A couple of days ago I saw a tweet from Richard Dawkins with a link to an Iraqi "Islamic Scientist" supposedly a researcher in astronomy, who, in a TV debate with a real scientist was arguing that the earth is flat because the Holy Quran says so. (There are also Muslims who would strongly dispute that interpretation of the relevant passages, by the way.)
I thought "come on, he has to be being ironic" so I watched it. Nope: he was serious. Here is the clip.
This is ppossibly the most extreme refusal to admit the obvious since the moment during the Gulf War when the Iraqi information minister nicknamed "Comical Ali" was giving a press conference saying
"there are no American Tanks in Baghdad"
and the cameras all swung round a few degrees, zoomed out to long range and focussed on where, actually in sight from the location of the press conference, was the unmistakable shape of an M1 Abrams main battle tank moving insouciantly up the highway and effortlessly blowing up anything in its' vicinity that might contain Iraqi soldiers who had not yet surrendered.
It is only fair to point out that this kind of religious flight from reason into dogma is the complete antithesis of the attitude of many religious believers including Muslims - during the Islamic golden age (from about 800AD to 1300AD) Muslim scholars were as advanced as any in the then world - and many if not most of the great advances which led to modern science were made by scientists who were themselves religious believers, something which is still true today.
Nor does it apply to everyone on any given point of the political spectrum.
But my point is that it is not just Muslims and religious believers, or rather a subset of those groups, who close their minds to the truth like the chap in the clip above. Sometimes those with strong political convictions do. And for evidence I refer you to a book and an article which came out in the few days by two prominent journalists both of whom were raised by Communist parents.
The point that certain political philosophies which act like churches can be amazingly good at persuading people to close their minds to reality is a powerful one, and the recent book David Aaronovitch "Party Animals: my family and other communists" gives a very clear picture of how this can work.
“The Party was a church,” he writes. “Its strength was that it was about belief and faith as much as about intellect.”

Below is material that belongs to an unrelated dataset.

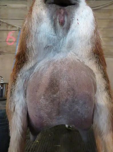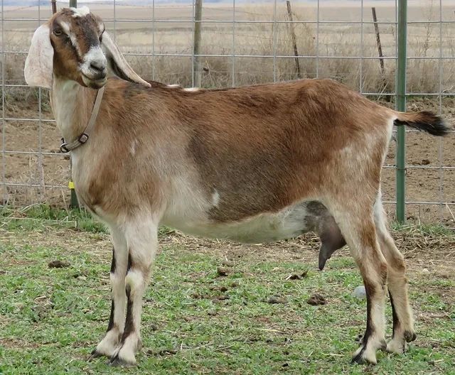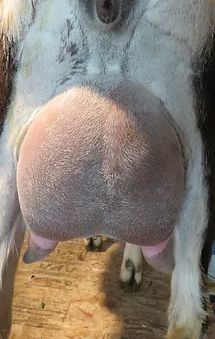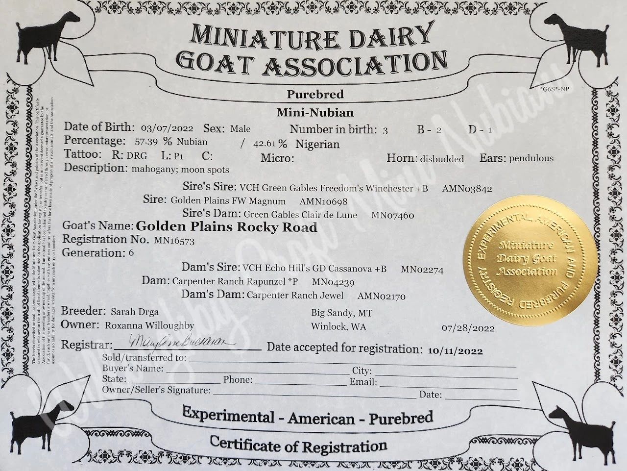 Rocky's dam has her milk star and her sire has his +B! His sire's sire is a finished champion with his +*B. Check out all the milk stars & finished champions in his pedigree. We love his long, solid ears and moon spots! He is the spitting image of his sire, Golden Plains FW Magnum.
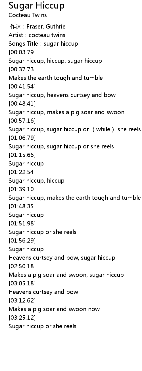 | [00:59.79] | Sugar hiccup, sugar hiccup or while she reels |

There is an excellent review of this book by Martin Kettle (who like David was raised in a family of communists) in the Guardian this week which you can read here called
"How did my communist family get it so wrong? Because politics was their religion""Communism didn’t work. And most people who lived under it hated it," he writes,
but Communists, many of them intelligent and decent people,
"couldn’t in the end face the reality that something that had given their lives such meaning had turned out so badly. They put loyalty before sense and reason in their politics and in their lives. They lived with their lies as best they could."
More to the point, Martin Kettle looks at the British left in 2016 and the Labour party under Jeremy Corbyn and argues that the same thing may be happening again today. His article concludes:
"This left of today looks to me suspiciously as if it is developing into another church. This left too is marked by a reluctance to ask necessary but difficult questions about its plans for the world beyond the church walls. This left too seems happiest as a fellowship of true believers, squabbling among itself, dismissive of all those who remain sceptics or whose beliefs the elders find unacceptable. Just as the communists knew things deep down that they should have faced up to, so too does this left."
"There is nothing inherently wrong with having a politics that is essentially a religion, providing that you recognise it for what it is, something personal between you and your friends. But I’ve been there and done that. If politics is an act of faith – rather than a programme and a willingness to change and adapt to new times – it will fail, as communism did. That’s fine for those for whom belief in socialist principles matters more than anything else, just as it was for the communists. But it won’t work. And in the end people will hate it too."